The buckeyes grow on a tree in these capsules. If you break the capsule, you find one or several buckeyes inside. Neighbors and friends of ours are dyed-in-the-wool Ohio State Buckeye fans. Ann occasionally makes a candy treat called “buckeyes,” and they look exactly like these. I never knew there were buckeyes or buckeye trees. That night at the shelter, we spent far too much time throwing footballs into the buckeye tree to knock the buckeyes down.

Wednesday the 27th was a slow hiking day. I hiked from Derrick Knob Shelter to Mollies Ridge Shelter, which was only 12 miles. The biggest challenge was Thunderhead Mountain, which was more than 1,500 feet of elevation to start the day.

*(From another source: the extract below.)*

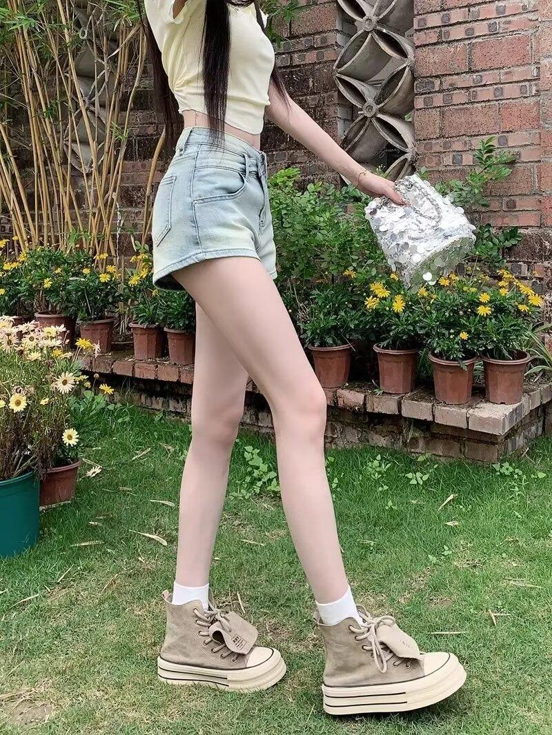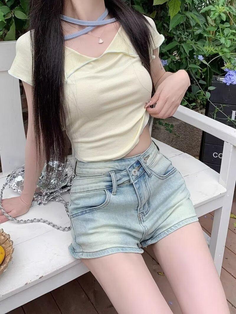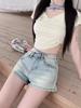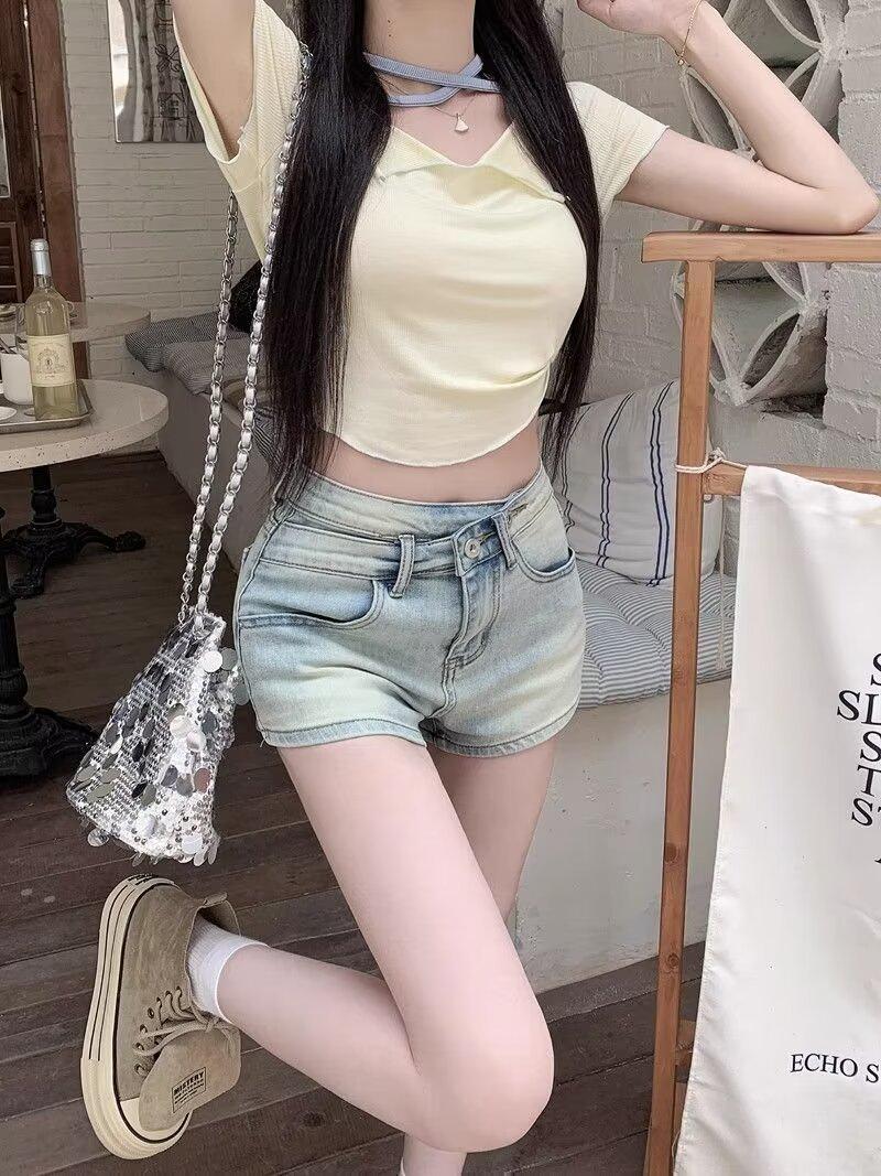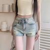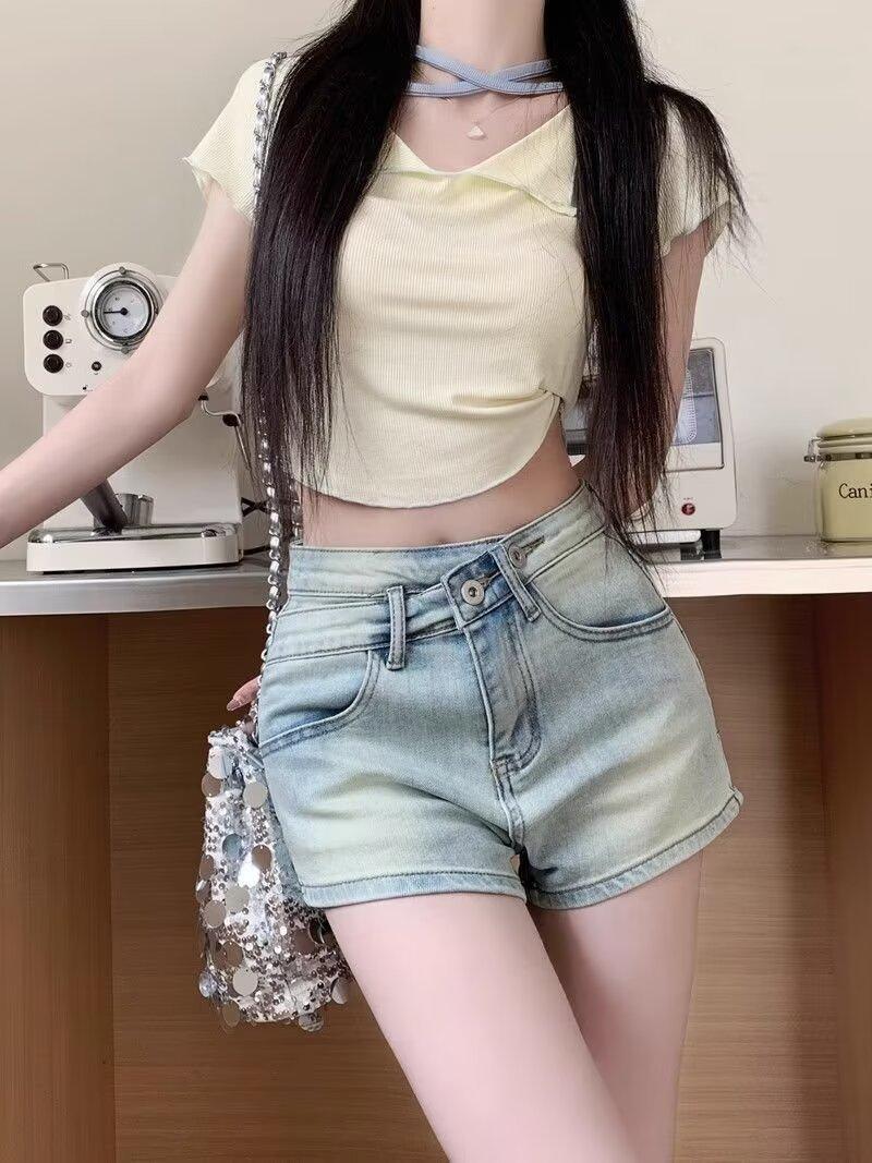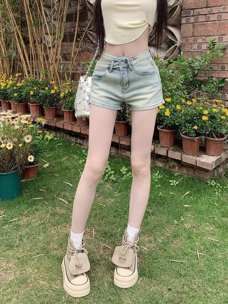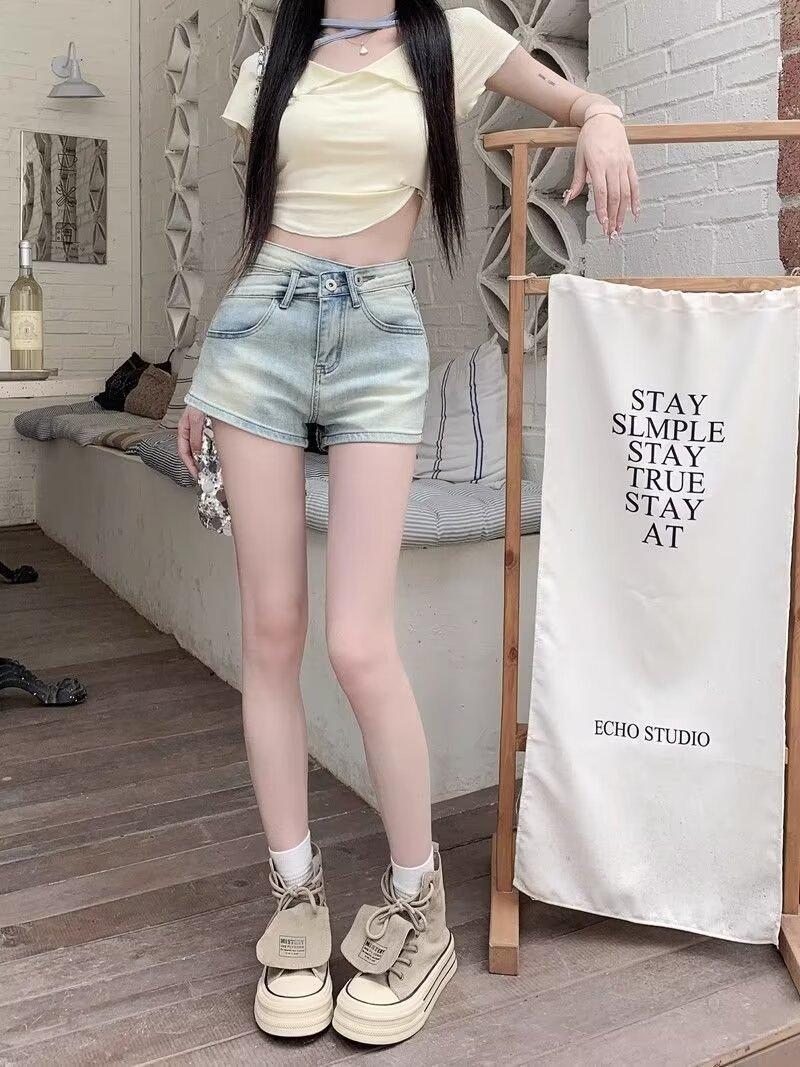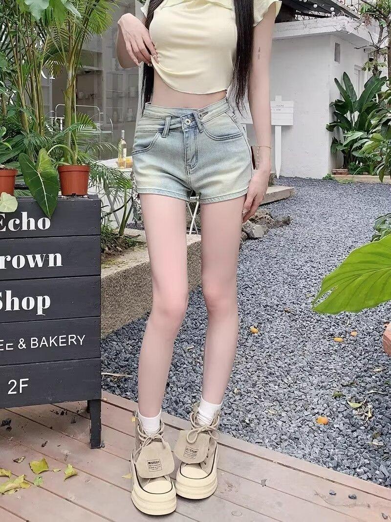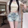 Pantalones cortos vaqueros ajustados lavados de cintura alta de verano con nuevo diseño estilo retro americano 2024

An ascent like that tends to wake you up quickly.

When I reached an outcropping called Rocky Top — reputed to be the area referenced in the University of Tennessee song by Dolly Parton — the views were outstanding and I decided to stop for lunch.

RockyTop

RockyTop2

The three Amish gents have loosened up, as they haven’t objected when other folks have taken their picture. If you just take a picture they don’t mind, but they decline requests to pose or smile for a photo.

AmishCarpenters

Every morning and every evening they not only start a fire, but actually cook their food directly on the fire. They are all carpenters by trade.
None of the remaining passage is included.